» Work required: Give back the lines below exactly, but do not include any pictures.
───── Extracted material
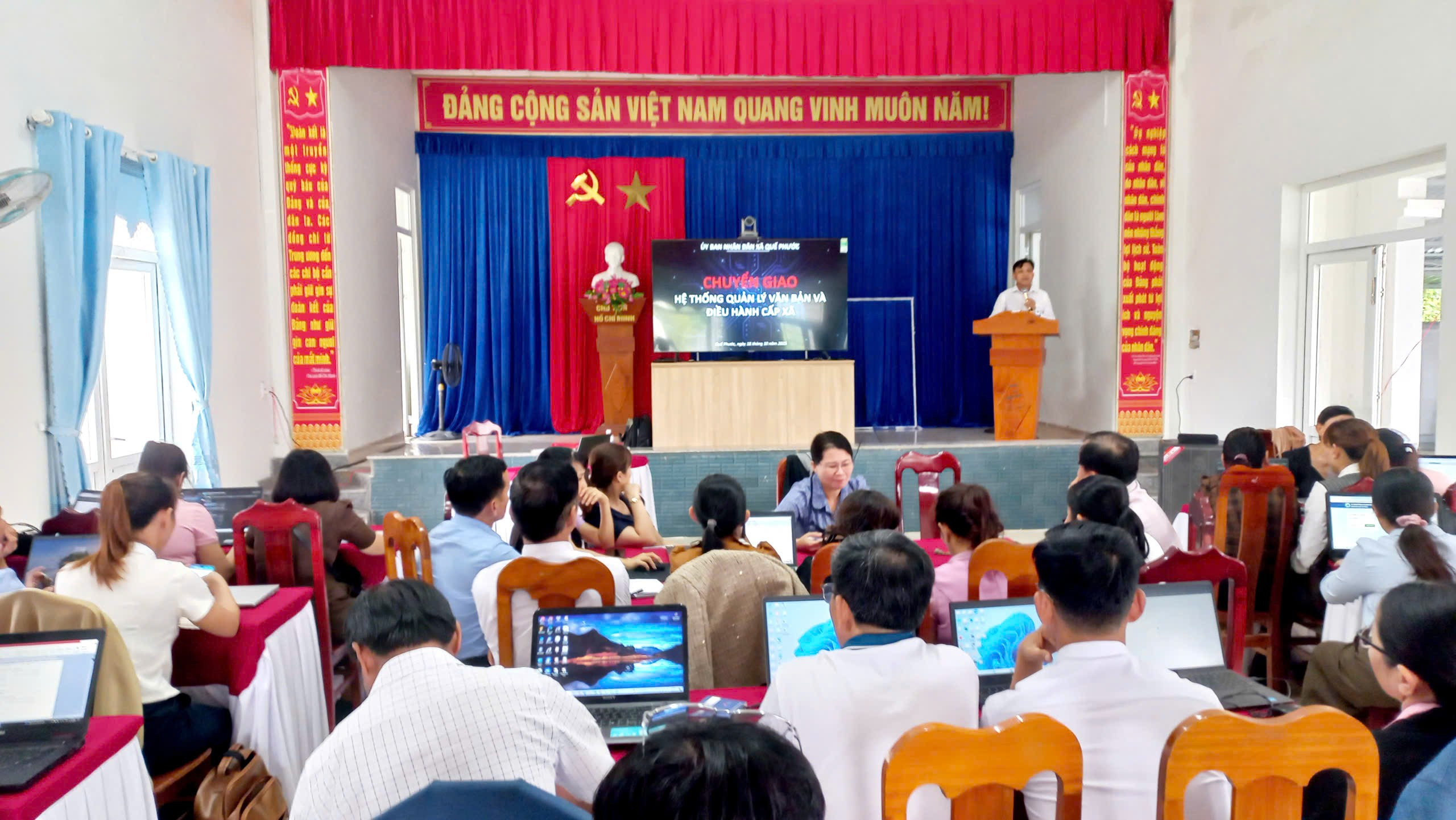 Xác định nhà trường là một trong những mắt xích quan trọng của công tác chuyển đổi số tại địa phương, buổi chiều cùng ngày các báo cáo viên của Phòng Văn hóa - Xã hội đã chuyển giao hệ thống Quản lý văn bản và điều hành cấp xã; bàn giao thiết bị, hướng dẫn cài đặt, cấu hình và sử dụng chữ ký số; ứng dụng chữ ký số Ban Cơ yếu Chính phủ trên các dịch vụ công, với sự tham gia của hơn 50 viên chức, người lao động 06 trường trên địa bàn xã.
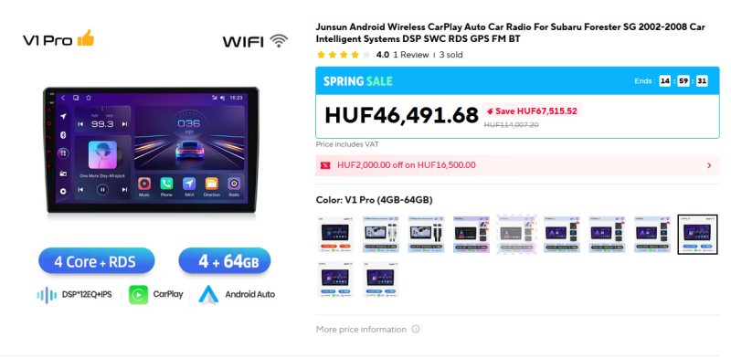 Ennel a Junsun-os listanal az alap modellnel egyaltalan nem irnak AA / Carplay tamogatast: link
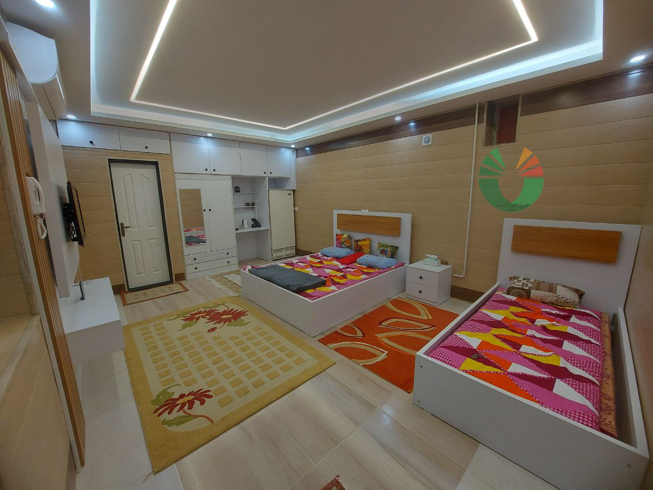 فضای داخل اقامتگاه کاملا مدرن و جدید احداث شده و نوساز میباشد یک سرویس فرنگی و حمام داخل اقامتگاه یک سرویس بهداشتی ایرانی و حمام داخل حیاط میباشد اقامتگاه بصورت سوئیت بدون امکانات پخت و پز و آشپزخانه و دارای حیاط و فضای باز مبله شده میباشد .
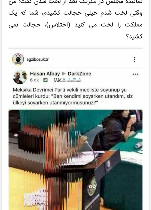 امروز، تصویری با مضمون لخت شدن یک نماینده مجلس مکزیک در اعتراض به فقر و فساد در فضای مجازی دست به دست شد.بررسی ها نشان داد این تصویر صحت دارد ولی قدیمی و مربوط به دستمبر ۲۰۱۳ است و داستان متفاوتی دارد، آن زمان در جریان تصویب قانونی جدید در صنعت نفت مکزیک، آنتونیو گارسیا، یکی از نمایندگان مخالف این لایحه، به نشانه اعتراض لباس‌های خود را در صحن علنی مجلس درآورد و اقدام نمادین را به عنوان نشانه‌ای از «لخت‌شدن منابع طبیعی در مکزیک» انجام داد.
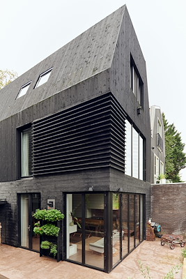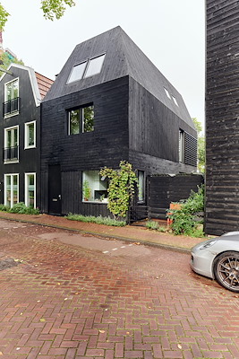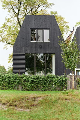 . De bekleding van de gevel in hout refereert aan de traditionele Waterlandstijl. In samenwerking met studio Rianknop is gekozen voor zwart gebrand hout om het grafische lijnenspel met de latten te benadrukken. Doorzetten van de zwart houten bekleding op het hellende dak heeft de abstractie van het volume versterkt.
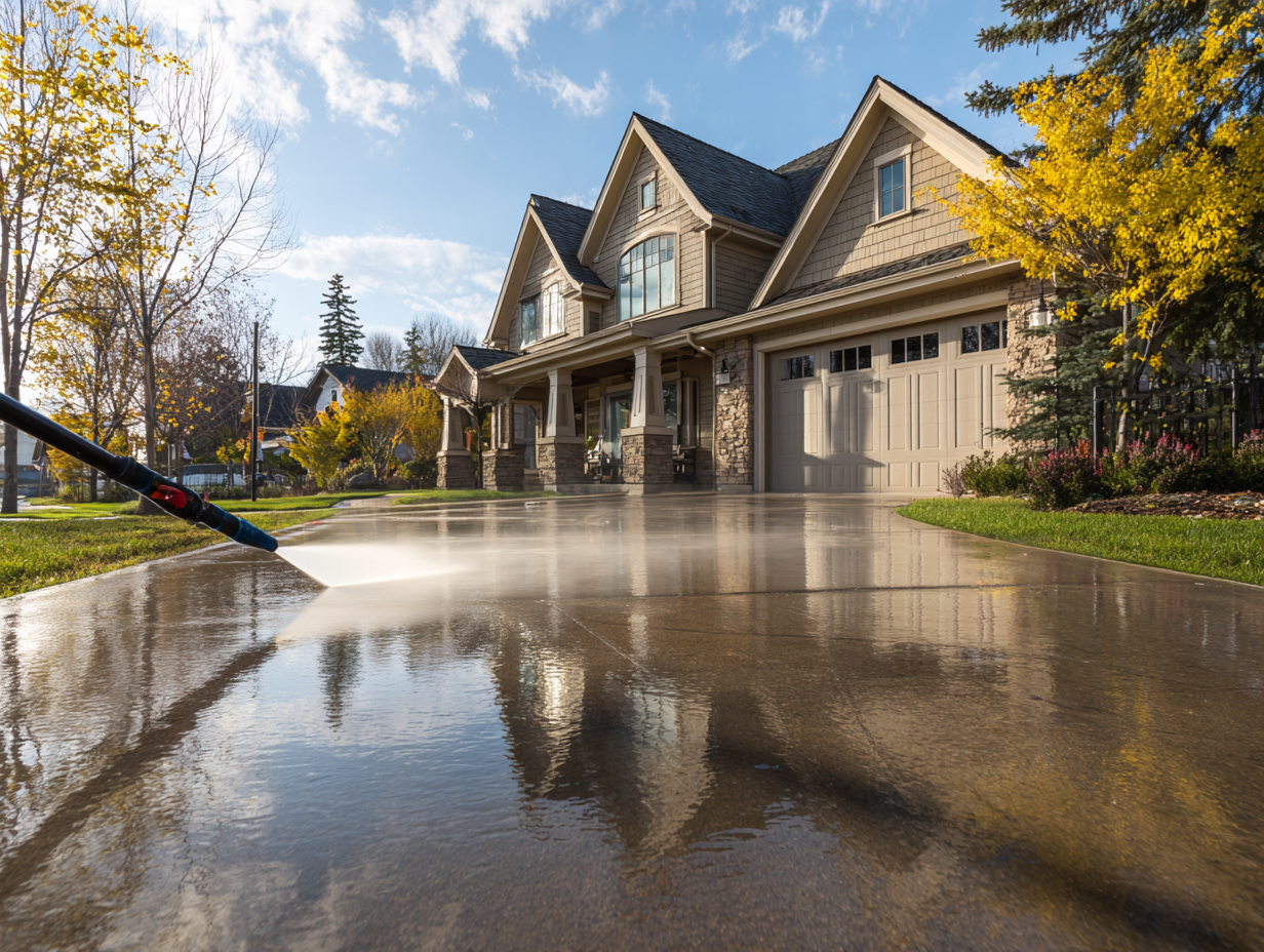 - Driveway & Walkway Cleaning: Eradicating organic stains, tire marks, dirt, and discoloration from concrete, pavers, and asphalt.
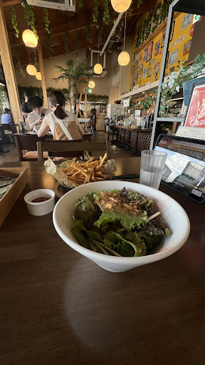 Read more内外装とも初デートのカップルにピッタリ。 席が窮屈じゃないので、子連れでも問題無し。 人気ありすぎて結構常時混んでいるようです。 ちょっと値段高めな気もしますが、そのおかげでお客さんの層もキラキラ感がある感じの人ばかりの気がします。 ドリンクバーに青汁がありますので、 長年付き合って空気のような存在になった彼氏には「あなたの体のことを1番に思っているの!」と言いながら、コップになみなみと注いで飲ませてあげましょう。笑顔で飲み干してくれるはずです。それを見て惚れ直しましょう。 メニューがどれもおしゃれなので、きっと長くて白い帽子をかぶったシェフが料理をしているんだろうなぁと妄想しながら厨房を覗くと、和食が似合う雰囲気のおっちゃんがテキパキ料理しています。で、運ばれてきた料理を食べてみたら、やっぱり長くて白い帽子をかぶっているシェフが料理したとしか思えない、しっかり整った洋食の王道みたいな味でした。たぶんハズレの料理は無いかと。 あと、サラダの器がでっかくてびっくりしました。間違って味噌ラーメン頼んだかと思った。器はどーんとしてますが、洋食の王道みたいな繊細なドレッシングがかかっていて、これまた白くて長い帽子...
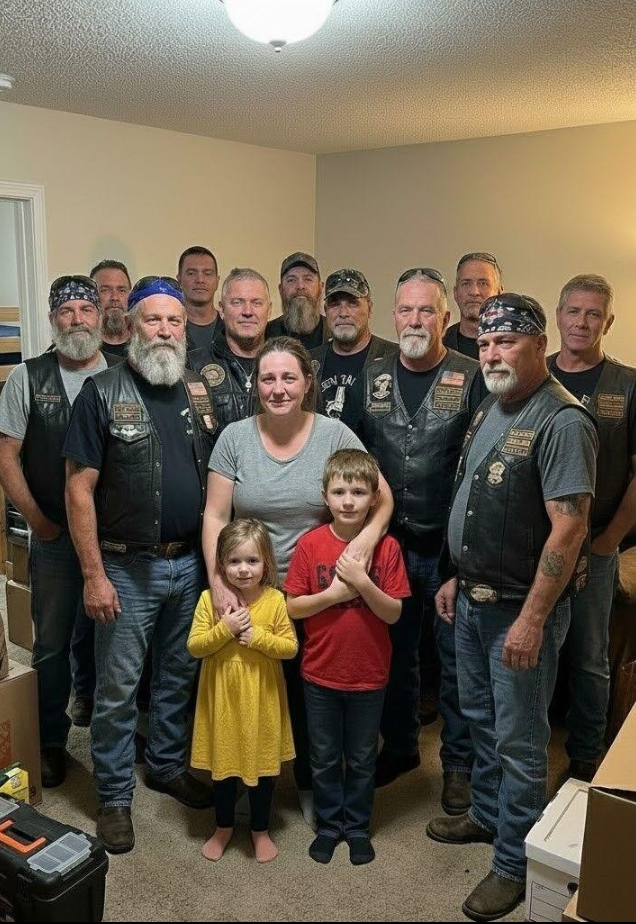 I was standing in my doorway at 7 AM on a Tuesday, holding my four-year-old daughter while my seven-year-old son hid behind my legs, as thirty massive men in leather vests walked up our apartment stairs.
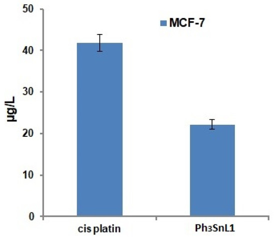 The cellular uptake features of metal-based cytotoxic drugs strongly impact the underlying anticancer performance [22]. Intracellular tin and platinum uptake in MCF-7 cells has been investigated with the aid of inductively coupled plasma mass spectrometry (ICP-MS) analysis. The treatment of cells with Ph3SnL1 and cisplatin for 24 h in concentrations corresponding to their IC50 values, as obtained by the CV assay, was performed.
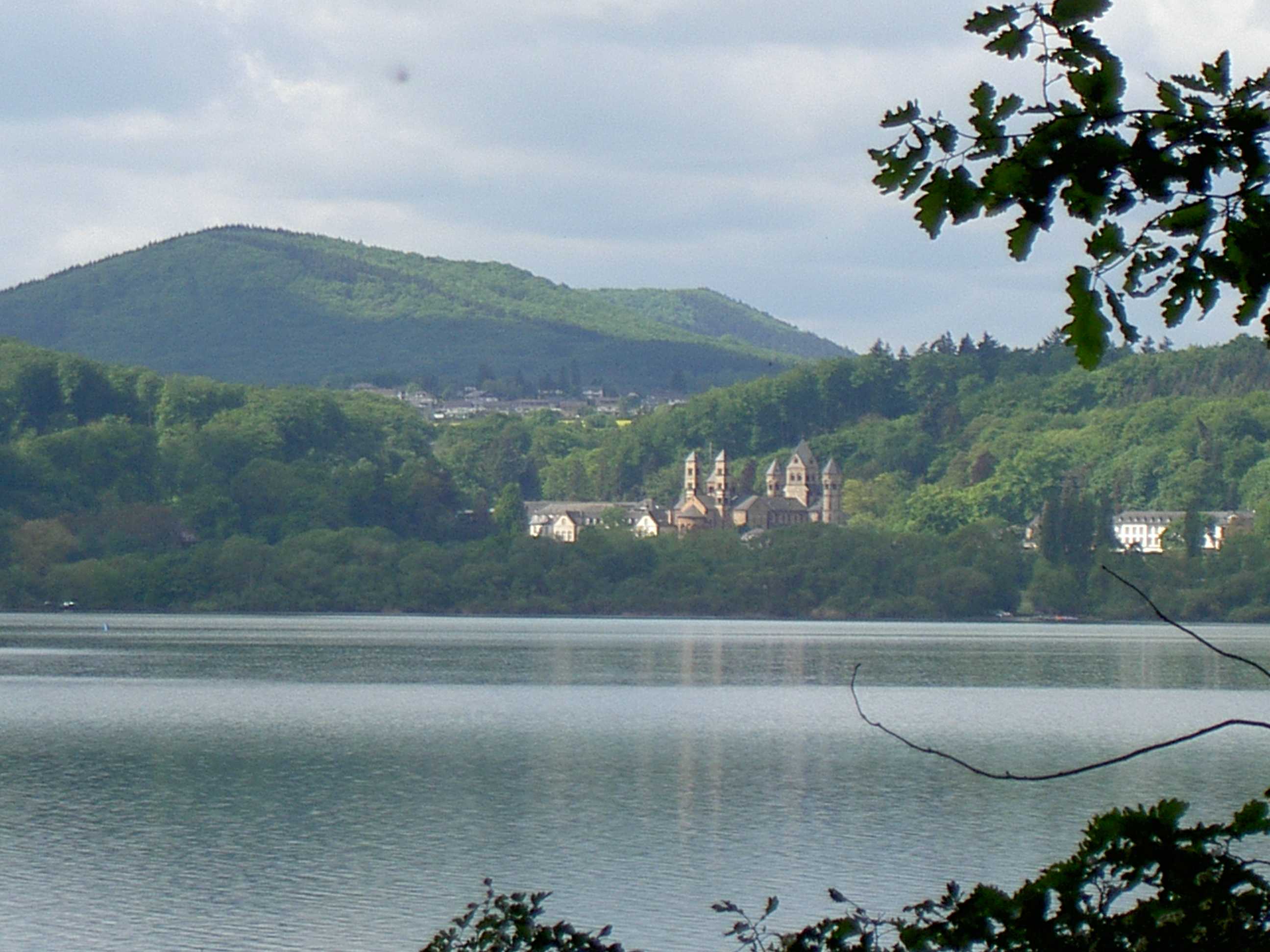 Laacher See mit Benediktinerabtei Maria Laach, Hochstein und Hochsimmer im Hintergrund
──────────
» Answer to the exercise:
 Xác định nhà trường là một trong những mắt xích quan trọng của công tác chuyển đổi số tại địa phương, buổi chiều cùng ngày các báo cáo viên của Phòng Văn hóa - Xã hội đã chuyển giao hệ thống Quản lý văn bản và điều hành cấp xã; bàn giao thiết bị, hướng dẫn cài đặt, cấu hình và sử dụng chữ ký số; ứng dụng chữ ký số Ban Cơ yếu Chính phủ trên các dịch vụ công, với sự tham gia của hơn 50 viên chức, người lao động 06 trường trên địa bàn xã.
 Ennel a Junsun-os listanal az alap modellnel egyaltalan nem irnak AA / Carplay tamogatast: link
 فضای داخل اقامتگاه کاملا مدرن و جدید احداث شده و نوساز میباشد یک سرویس فرنگی و حمام داخل اقامتگاه یک سرویس بهداشتی ایرانی و حمام داخل حیاط میباشد اقامتگاه بصورت سوئیت بدون امکانات پخت و پز و آشپزخانه و دارای حیاط و فضای باز مبله شده میباشد .
 امروز، تصویری با مضمون لخت شدن یک نماینده مجلس مکزیک در اعتراض به فقر و فساد در فضای مجازی دست به دست شد.بررسی ها نشان داد این تصویر صحت دارد ولی قدیمی و مربوط به دستمبر ۲۰۱۳ است و داستان متفاوتی دارد، آن زمان در جریان تصویب قانونی جدید در صنعت نفت مکزیک، آنتونیو گارسیا، یکی از نمایندگان مخالف این لایحه، به نشانه اعتراض لباس‌های خود را در صحن علنی مجلس درآورد و اقدام نمادین را به عنوان نشانه‌ای از «لخت‌شدن منابع طبیعی در مکزیک» انجام داد.
 . De bekleding van de gevel in hout refereert aan de traditionele Waterlandstijl. In samenwerking met studio Rianknop is gekozen voor zwart gebrand hout om het grafische lijnenspel met de latten te benadrukken. Doorzetten van de zwart houten bekleding op het hellende dak heeft de abstractie van het volume versterkt.
 - Driveway & Walkway Cleaning: Eradicating organic stains, tire marks, dirt, and discoloration from concrete, pavers, and asphalt.
 Read more内外装とも初デートのカップルにピッタリ。 席が窮屈じゃないので、子連れでも問題無し。 人気ありすぎて結構常時混んでいるようです。 ちょっと値段高めな気もしますが、そのおかげでお客さんの層もキラキラ感がある感じの人ばかりの気がします。 ドリンクバーに青汁がありますので、 長年付き合って空気のような存在になった彼氏には「あなたの体のことを1番に思っているの!」と言いながら、コップになみなみと注いで飲ませてあげましょう。笑顔で飲み干してくれるはずです。それを見て惚れ直しましょう。 メニューがどれもおしゃれなので、きっと長くて白い帽子をかぶったシェフが料理をしているんだろうなぁと妄想しながら厨房を覗くと、和食が似合う雰囲気のおっちゃんがテキパキ料理しています。で、運ばれてきた料理を食べてみたら、やっぱり長くて白い帽子をかぶっているシェフが料理したとしか思えない、しっかり整った洋食の王道みたいな味でした。たぶんハズレの料理は無いかと。 あと、サラダの器がでっかくてびっくりしました。間違って味噌ラーメン頼んだかと思った。器はどーんとしてますが、洋食の王道みたいな繊細なドレッシングがかかっていて、これまた白くて長い帽子...
 I was standing in my doorway at 7 AM on a Tuesday, holding my four-year-old daughter while my seven-year-old son hid behind my legs, as thirty massive men in leather vests walked up our apartment stairs.
 The cellular uptake features of metal-based cytotoxic drugs strongly impact the underlying anticancer performance [22]. Intracellular tin and platinum uptake in MCF-7 cells has been investigated with the aid of inductively coupled plasma mass spectrometry (ICP-MS) analysis. The treatment of cells with Ph3SnL1 and cisplatin for 24 h in concentrations corresponding to their IC50 values, as obtained by the CV assay, was performed.
 Laacher See mit Benediktinerabtei Maria Laach, Hochstein und Hochsimmer im Hintergrund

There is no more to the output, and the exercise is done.